### [Supplied material]
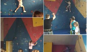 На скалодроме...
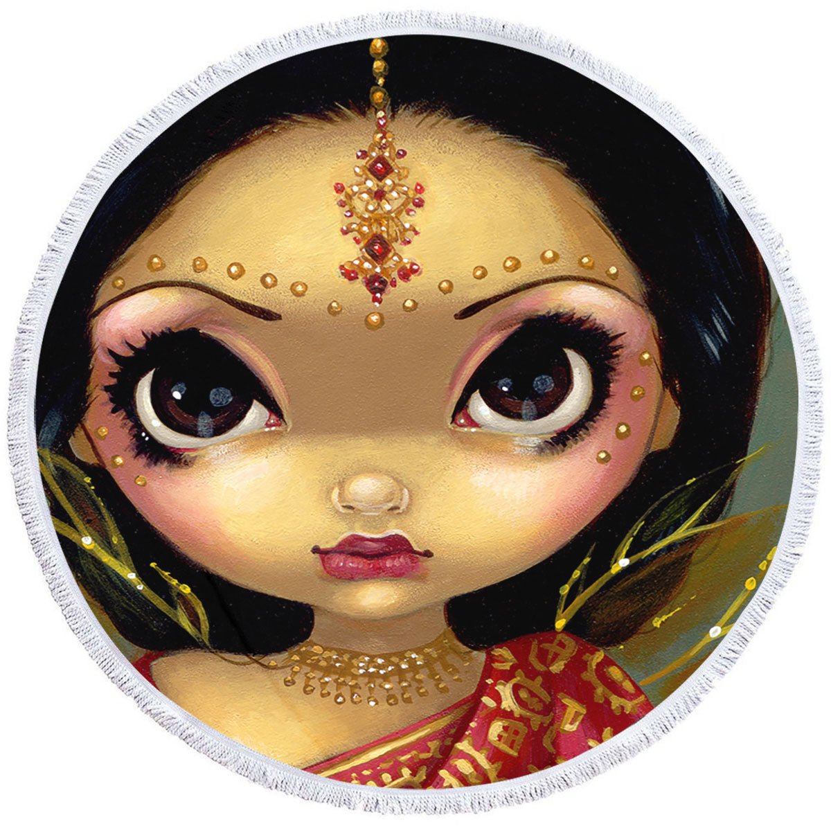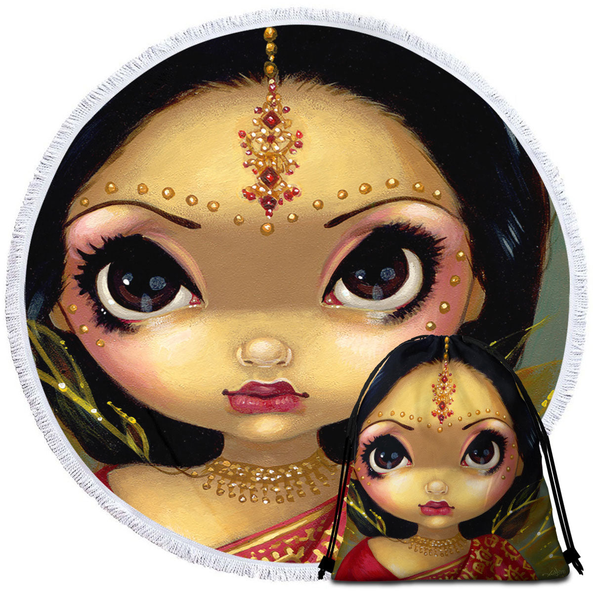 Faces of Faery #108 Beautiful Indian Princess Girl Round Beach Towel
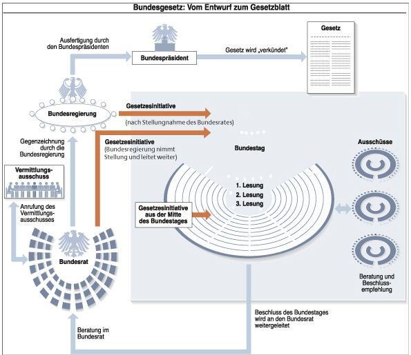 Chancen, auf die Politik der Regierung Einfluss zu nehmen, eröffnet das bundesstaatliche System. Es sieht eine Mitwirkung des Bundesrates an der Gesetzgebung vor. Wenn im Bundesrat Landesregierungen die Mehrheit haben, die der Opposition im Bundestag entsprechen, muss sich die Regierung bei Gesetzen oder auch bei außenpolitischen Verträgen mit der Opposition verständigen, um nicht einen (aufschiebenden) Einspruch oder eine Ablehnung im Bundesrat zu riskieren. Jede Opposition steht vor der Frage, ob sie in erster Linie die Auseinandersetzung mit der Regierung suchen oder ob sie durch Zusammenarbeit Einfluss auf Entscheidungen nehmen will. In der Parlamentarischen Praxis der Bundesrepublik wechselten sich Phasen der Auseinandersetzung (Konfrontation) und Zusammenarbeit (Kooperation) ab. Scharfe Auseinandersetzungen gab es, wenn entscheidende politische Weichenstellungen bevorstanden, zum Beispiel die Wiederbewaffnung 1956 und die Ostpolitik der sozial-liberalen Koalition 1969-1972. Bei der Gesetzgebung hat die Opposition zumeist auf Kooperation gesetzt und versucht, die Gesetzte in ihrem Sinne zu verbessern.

* * *

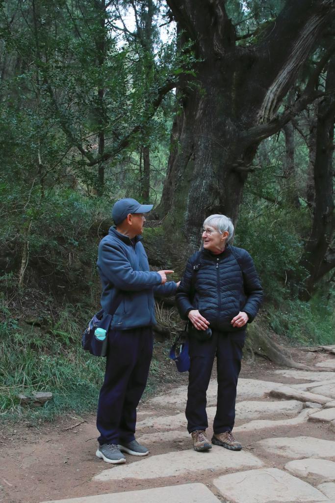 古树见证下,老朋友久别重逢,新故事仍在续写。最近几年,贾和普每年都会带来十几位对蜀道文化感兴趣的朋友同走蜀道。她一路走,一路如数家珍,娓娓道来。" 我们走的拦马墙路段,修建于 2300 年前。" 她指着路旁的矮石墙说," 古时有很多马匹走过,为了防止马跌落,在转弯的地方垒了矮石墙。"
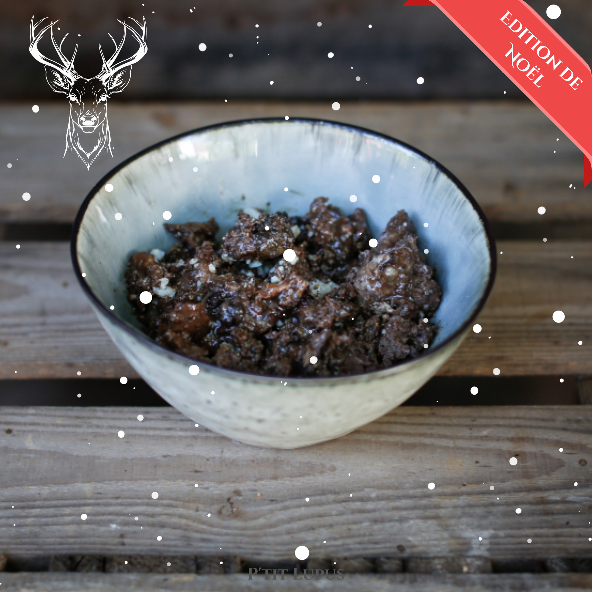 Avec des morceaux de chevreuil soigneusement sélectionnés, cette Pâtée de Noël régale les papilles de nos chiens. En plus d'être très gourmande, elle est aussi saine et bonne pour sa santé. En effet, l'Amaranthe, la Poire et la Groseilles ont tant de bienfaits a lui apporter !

### [Exercise]
Return exactly the lines above, from the one with "На скалодроме..." up to and including the one with "Faces of Faery", and include no pictures.

### [Answer for the task]
 На скалодроме...
 Faces of Faery #108 Beautiful Indian Princess Girl Round Beach Towel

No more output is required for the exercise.